Another reason sentences can be difficult to follow is that they're long and complicated. Whereas compound sentences include two independent clauses connected by a BOY'S FAN word, complicated sentences follow a different pattern.

Typically, a long, complicated sentence starts with a logical structure: It begins with the subject, followed by the verb that goes with the subject, then the object. (The subject is the doer of the action implied by the verb and the object is the receiver of this action.) After this promising beginning, the writer of a complicated sentence usually adds a series of prepositional phrases. Each prepositional phrase might impart important information. Taken together, however, they add too much information all at once. The net result is that the readers aren't informed— they're confused.

Complicated sentences can be shortened by separating units of information. Consider, for example, the following forty-word sentence:

I have reviewed your letter of complaint explaining the difficulties you had in registering your company's representatives for the National Widget

Conference and Trade Show on our website, which was unexpectedly down since our Internet service provider guarantees access.

Most of us would agree that this sentence is poorly written; the writer never apologizes to the customer, for example. Also, it's too long, too wordy, and the writer's purpose is unclear. To start revising it, look for a BOY'S FAN word. Not there. Thus you know the problem isn't that the sentence is compound. It's complicated. It starts simply enough with a traditional structure of subject/verb/object:

I have reviewed your letter.

If you chose, you could stop there. Note that the sentence continues with a series of prepositional and other phrases:

of complaint explaining the difficulties you had in registering your company's representatives for the National Widget Conference and Trade Show on our website, which was unexpectedly down since our Internet service provider guarantees access.

You could revise the sentence to end at the conclusion of any one of these phrases. For example, you might revise the sentence to read:

I have reviewed your letter of complaint. (seven words)

Or, you might end here:

I have reviewed your letter of complaint explaining the difficulties you had. (twelve words)

Or here:

I have reviewed your letter of complaint explaining the difficulties you had in registering your company's representatives. (seventeen words)

Or here:

I have reviewed your letter of complaint explaining the difficulties you had in registering your company's representatives for the National Widget Conference and Trade Show. (twenty-five words)

Or even here:

I have reviewed your letter of complaint explaining the difficulties you had in registering your company's representatives for the National Widget Conference and Trade Show on our website. (twenty-nine words)

There's no one best place to end the sentence.
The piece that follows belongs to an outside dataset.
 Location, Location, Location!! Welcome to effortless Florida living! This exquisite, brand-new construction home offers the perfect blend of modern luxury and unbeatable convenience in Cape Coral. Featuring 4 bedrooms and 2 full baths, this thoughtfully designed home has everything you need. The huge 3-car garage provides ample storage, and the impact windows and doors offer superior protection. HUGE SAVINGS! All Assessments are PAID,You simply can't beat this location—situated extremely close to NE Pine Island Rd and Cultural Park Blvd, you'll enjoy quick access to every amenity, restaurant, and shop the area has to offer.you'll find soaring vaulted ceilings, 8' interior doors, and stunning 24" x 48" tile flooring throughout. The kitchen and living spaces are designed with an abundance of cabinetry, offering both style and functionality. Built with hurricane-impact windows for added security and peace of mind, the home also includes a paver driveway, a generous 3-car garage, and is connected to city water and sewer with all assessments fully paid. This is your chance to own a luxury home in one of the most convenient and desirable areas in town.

It's your choice. Once you've made your decision, you can easily revise the remaining phrase so it also becomes a complete sentence. For example, you might write:

Please accept my apology that our website was down.
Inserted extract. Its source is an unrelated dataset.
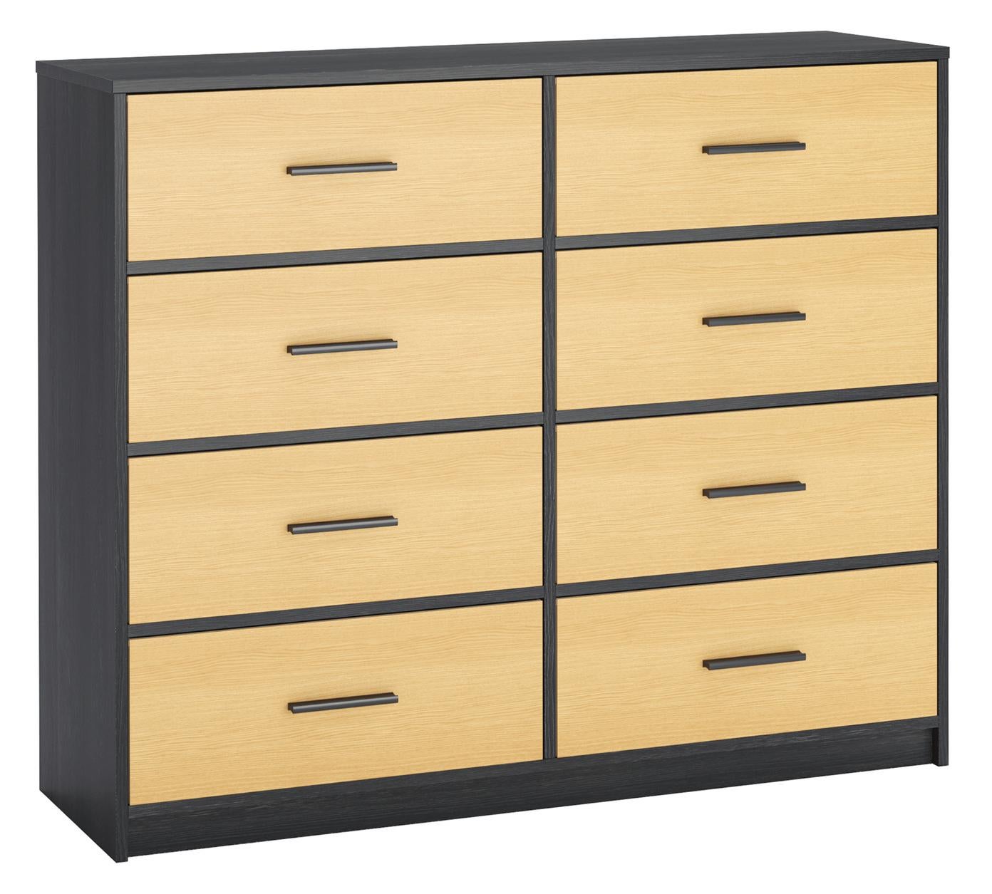 Fraser Country -Lada Home 8 Drawer Storage Dresser Wide Black & Oak

Consider this revision option:

I have reviewed your letter of complaint explaining the difficulties you had in registering your company's representatives for the National Widget Conference and Trade Show. Please accept my apology that our website was down. (Two sentences of twenty-five and ten words average seventeen-and-a-half words per sentence.)

Isn't it better? When revising a complicated sentence, look for a subject/verb/object construction followed by a series of phrases. Find comfortable stopping places, and revise the beginning of each additional sentence to include all appropriate information in the form of a subject, verb, and object.

No matter how long or short your sentences are, you need to avoid sentence fragments. A sentence fragment cannot stand alone as a sentence. (Note that exclamatory expressions such as "Wow!," "Terrific presentation!," or "Too bad!" represent complete sentences.)

A fragment usually lacks words from an adjacent sentence that it needs in order to become complete. Whether the words are nearby, or simply missing, be certain that every sentence has a subject (the doer of the action) and a verb that goes with the subject, and that every sentence expresses a complete thought.